I was wondering if someone could help me solve this exponential distribution problem:
A system sends out 60 tickets every 4 seconds on average. Suppose that the time in between two tickets sent out can be modeled as an exponential random variable
Suppose that at time t = 0 a ticket was sent out, what is the probability that at time t = 5 no further tickets were sent out?
My first question was if λ (rate parameter) was equal to 1/15? Since I was thinking the mean was 15 tickets every 1 second and λ = 1 / mean?
Second question, not too sure how to approach the actual probability question...
Thank you in advance!
There is a piece of information missing: Time $t = 0$ means the same thing whether we are talking about seconds, minutes, hours, or years; but $t = 5$ does not specify a unit of measurement. If we are given a rate in the form of $60$ tickets every $4$ seconds on average, we also need to be given a unit of measurement for the time interval of interest. Yes, it is natural to assume that $t = 5$ means $5$ seconds, but it needs to be explicitly stated.

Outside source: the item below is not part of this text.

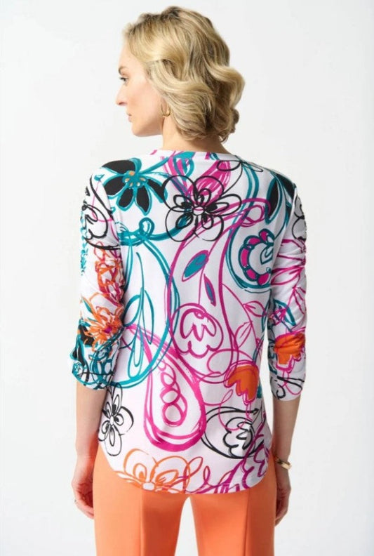 Joseph Ribkoff 242179 Vanilla/Multi Floral Paisley Scribble Print Shirred Top

That said, if the rate is $60$ every $4$ seconds, that is equivalent to $15$ tickets per second, or $75$ tickets every $5$ seconds. Any of these will work, but the corresponding unit of time must be adjusted accordingly. For instance, if you use $\lambda = 15$ tickets per second, then the random variable $T$ that denotes the time until the next ticket is sent, will be measured in seconds, and the desired probability is $\Pr[T > 5]$ because the probability that no tickets are sent for the next $5$ seconds is equivalent to the probability that the next ticket sent out takes more than $5$ seconds.
If, however, we choose $\lambda = 75$ tickets every $5$ seconds, then $T$ measures the time in $5$-second intervals, and the desired probability is $\Pr[T > 1]$: the probability that the next ticket sent takes more than $1$ five-second interval. The answer will be the same in each case.
You could even use minutes if you wanted, although I don't know why you would. For example, $60$ tickets every $4$ seconds is equal to $\lambda = 900$ tickets per minute, and you'd calculate $\Pr[T > \frac{1}{12}]$, the probability that the next ticket takes more than $1/12^{\rm th}$ of a minute to be sent out, because $1/12^{\rm th}$ of a minute is $5$ seconds.
I have intentionally omitted the calculation itself because I think that given the above, you should be able to do it yourself.